▽
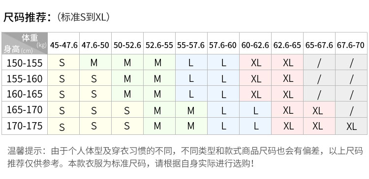 China (cm) 160-165/84-86 165-170 / 88-90 167-172 / 92-96 168-173 / 98-102 170-176 / 106-110
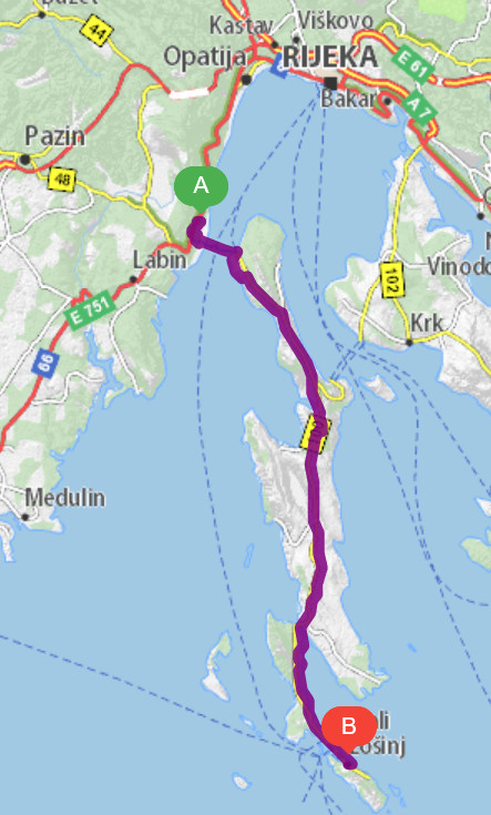 Arrival by the Krk bridge and the Valbiska-Merag ferry line
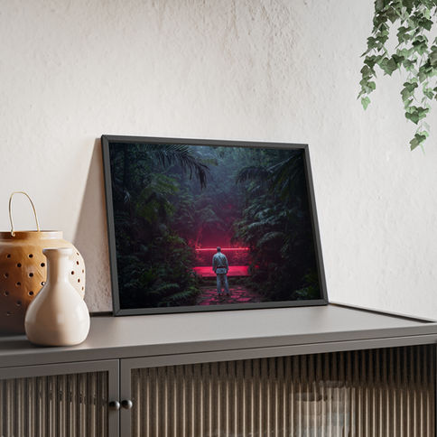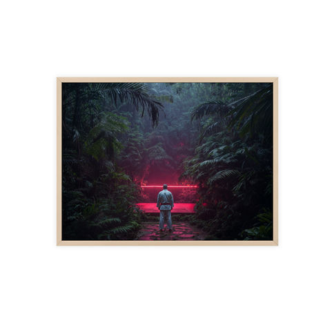 A lone BJJ silhouette stands before a glowing mat deep in the jungle—where nature, discipline, and mystery collide. A surreal tribute to Brazilian Jiu-Jitsu art, martial arts photography, grappling culture, and the quiet obsession that leads you back to the mats, no matter where they are.
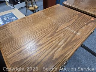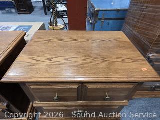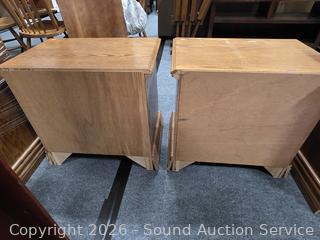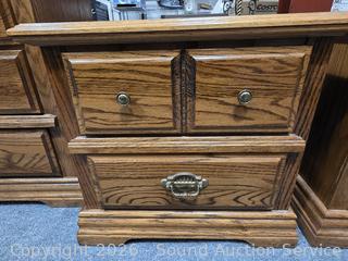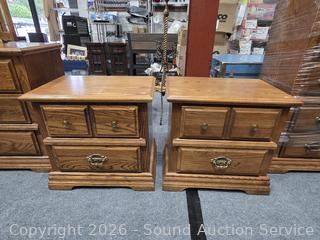 Lot #0017: Pair of 2 Drawer Oak Finish Nightstands
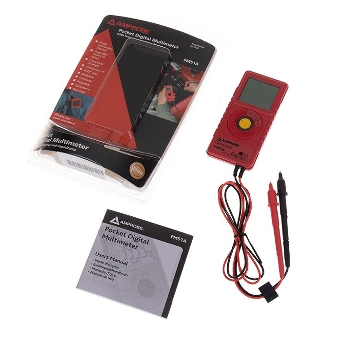 Multímetro digital de bolsillo Amprobe PM51A 600V AC/DC con frecuencia y capacitancia.
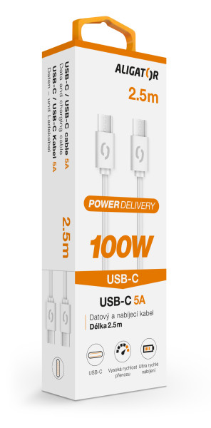 ALIGATOR POWER špičkový USB-C/USB-C kabel nejvyšší kvality, o výkonu 100W a možností nabíjení až 5A.
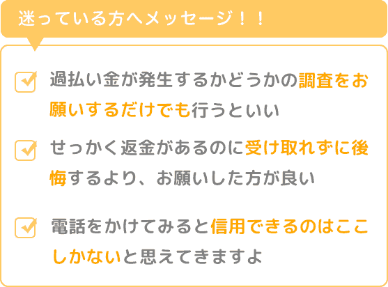 いくつかに電話をかけて過払い金請求のことを質問したのですが事務的な言葉しかかえってこず、いくらかは戻ってきますよという返答のみで、その後も再三電話で勧誘してくる状態でどうしようか悩んでいました。
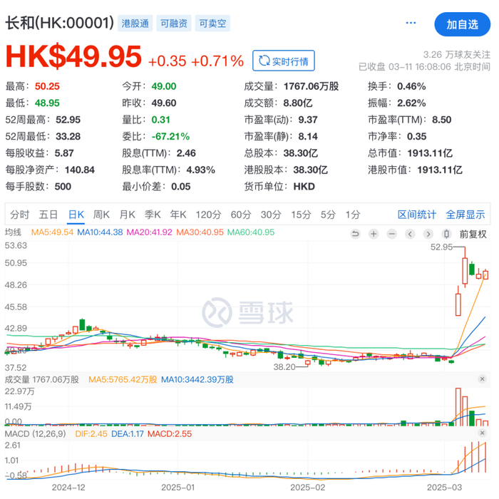 过去长和股价中隐含了地缘政治风险,此次交易让风险一次性出清。长和公布交易后,其股价从38块一路飙升到50块附近,带领本就火热的港股进一步上行。
△
→ **What this task involves**
Without including any picture, copy the listing above exactly and in full.

→ **Answer below**
 China (cm) 160-165/84-86 165-170 / 88-90 167-172 / 92-96 168-173 / 98-102 170-176 / 106-110
 Arrival by the Krk bridge and the Valbiska-Merag ferry line
 A lone BJJ silhouette stands before a glowing mat deep in the jungle—where nature, discipline, and mystery collide. A surreal tribute to Brazilian Jiu-Jitsu art, martial arts photography, grappling culture, and the quiet obsession that leads you back to the mats, no matter where they are.
 Lot #0017: Pair of 2 Drawer Oak Finish Nightstands
 Multímetro digital de bolsillo Amprobe PM51A 600V AC/DC con frecuencia y capacitancia.
 ALIGATOR POWER špičkový USB-C/USB-C kabel nejvyšší kvality, o výkonu 100W a možností nabíjení až 5A.
 いくつかに電話をかけて過払い金請求のことを質問したのですが事務的な言葉しかかえってこず、いくらかは戻ってきますよという返答のみで、その後も再三電話で勧誘してくる状態でどうしようか悩んでいました。
 过去长和股价中隐含了地缘政治风险,此次交易让风险一次性出清。长和公布交易后,其股价从38块一路飙升到50块附近,带领本就火热的港股进一步上行。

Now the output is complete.